The unique American intellectual property (IP) system – including patent protections – promotes biopharmaceutical innovation and affordability, giving U.S. patients more medicine choices than anywhere else in the world. And medicine costs have remained a small and stable 14% share of health care spending that is on par with other countries.
Despite this reality, some organizations and individuals are pressuring the U.S. Department of Health and Human Services (HHS) to break patent rights by utilizing the statute 28 U.S.C. § 1498 – more commonly referred to as “section 1498” – to allow generic production of medicines before patent protections expire.
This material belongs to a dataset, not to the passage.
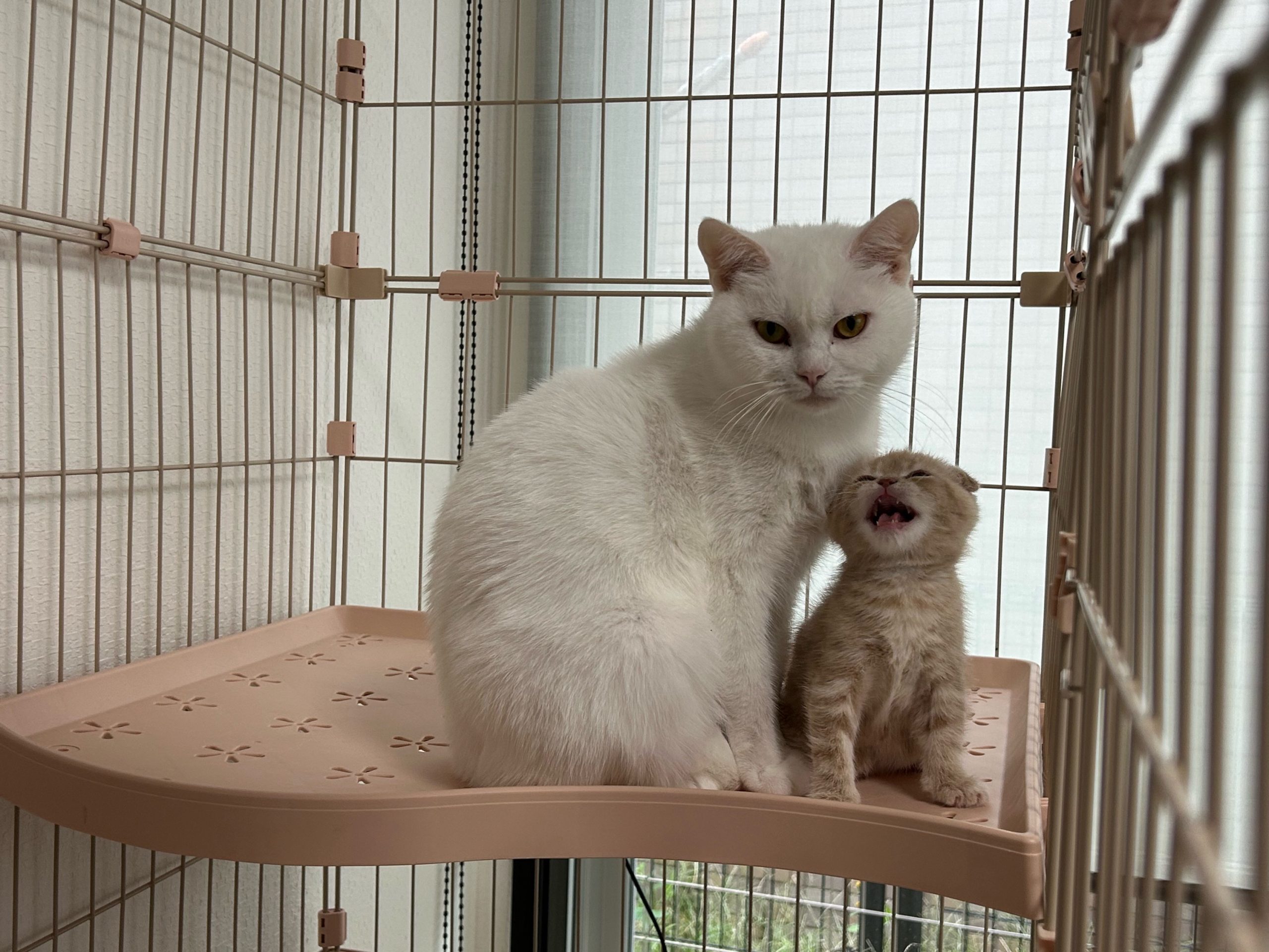 午前:なぜかおこめ赤ちゃんが上の段にいました👀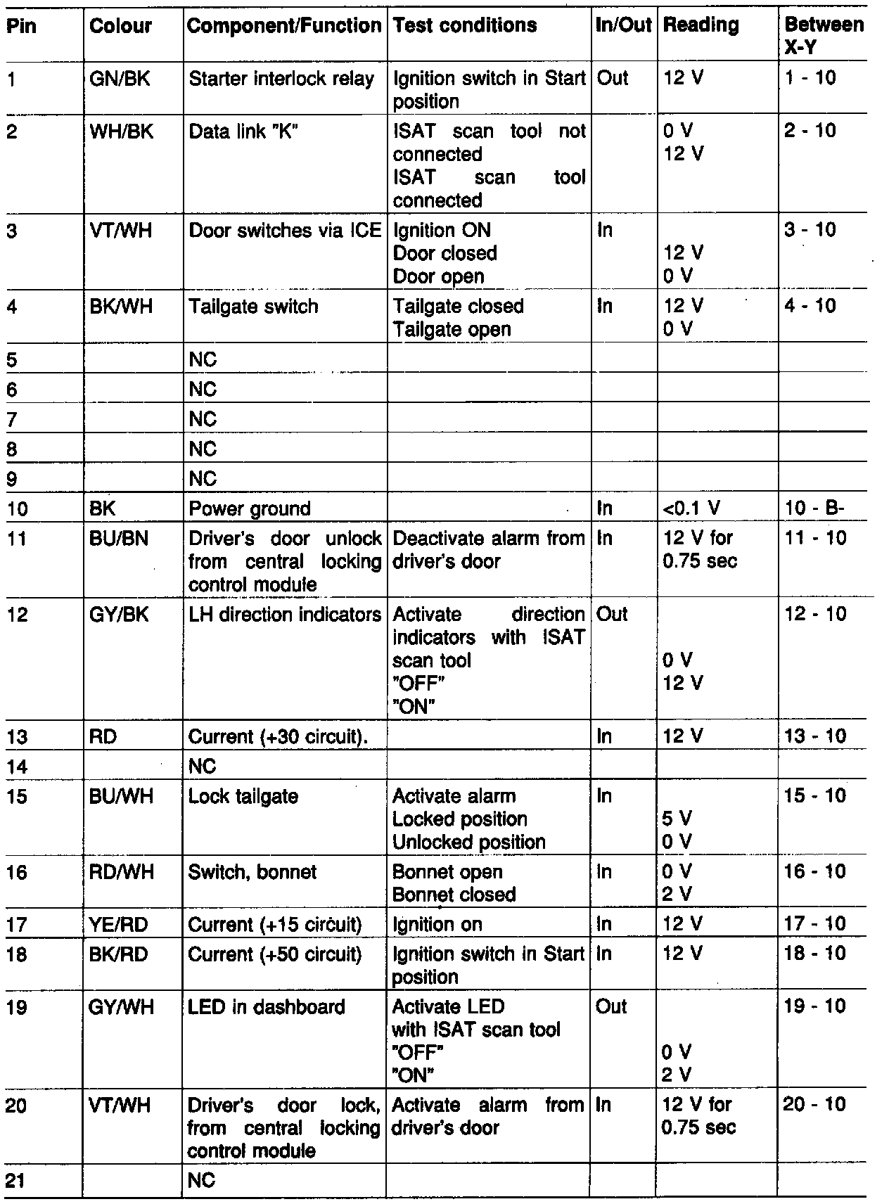 Unless otherwise stated, readings should be taken via a BOB with the ignition switched off, the alarm deactivated, all components connected and all connectors plugged in.

Here are five things you should know about section 1498 and why it’s not a viable way to address health care affordability:
- Section 1498 does not create a right for the government to infringe patents so that it can commercially sell patented products to non-governmental buyers, like health care plans or hospitals. The statute was enacted over a century ago to give patent holders a way to receive “reasonable and entire compensation” should the government infringe a patent. Until the law was enacted, private patent holders had no recourse for government violation of patent rights due to the government’s sovereign immunity.
- The premise that section 1498 could be used as a price reduction tool in the health care market is baseless and has no precedent. Historically, this law has been utilized for national defense purposes, and applied in the 1990s by the Department of Defense to ensure a sufficient stockpile of night-vison goggles were available following Operation Desert Storm.
- Attempting to use section 1498 to break biopharma patent rights would also create substantial uncertainty for the biopharmaceutical companies, universities and other research institutions that make up America’s world-leading innovation ecosystem, chilling the pace of innovation. Most medicines are developed in the United States because of this ecosystem – built on strong IP protections – that rewards risk taking and fosters collaboration.
- This dubious approach would not quickly increase patient access to innovative products or save the health system money. By the time the government pays “reasonable and entire compensation” to the innovator, identifies and pays a contracted generic manufacturer, gets FDA approval on the unauthorized version, and manages other legal and regulatory hurdles, American patients would not be better off.
- This effort does nothing to address the abusive tactics by insurers and PBMs who decide what medicines people can get and set the price that people pay at the pharmacy. Multiple investigations have shown these middlemen are driving up costs, blocking access to generics and biosimilars, and using medicines as a profit center while forcing patients to pay more than they should.
Medicines improve health and help patients avoid the most expensive parts of our health care system. Policymakers should protect our world-leading innovation and IP ecosystem and address the root causes of patient affordability challenges. It’s middlemen like PBMs and insurers – not patents – blocking patient access and driving up costs.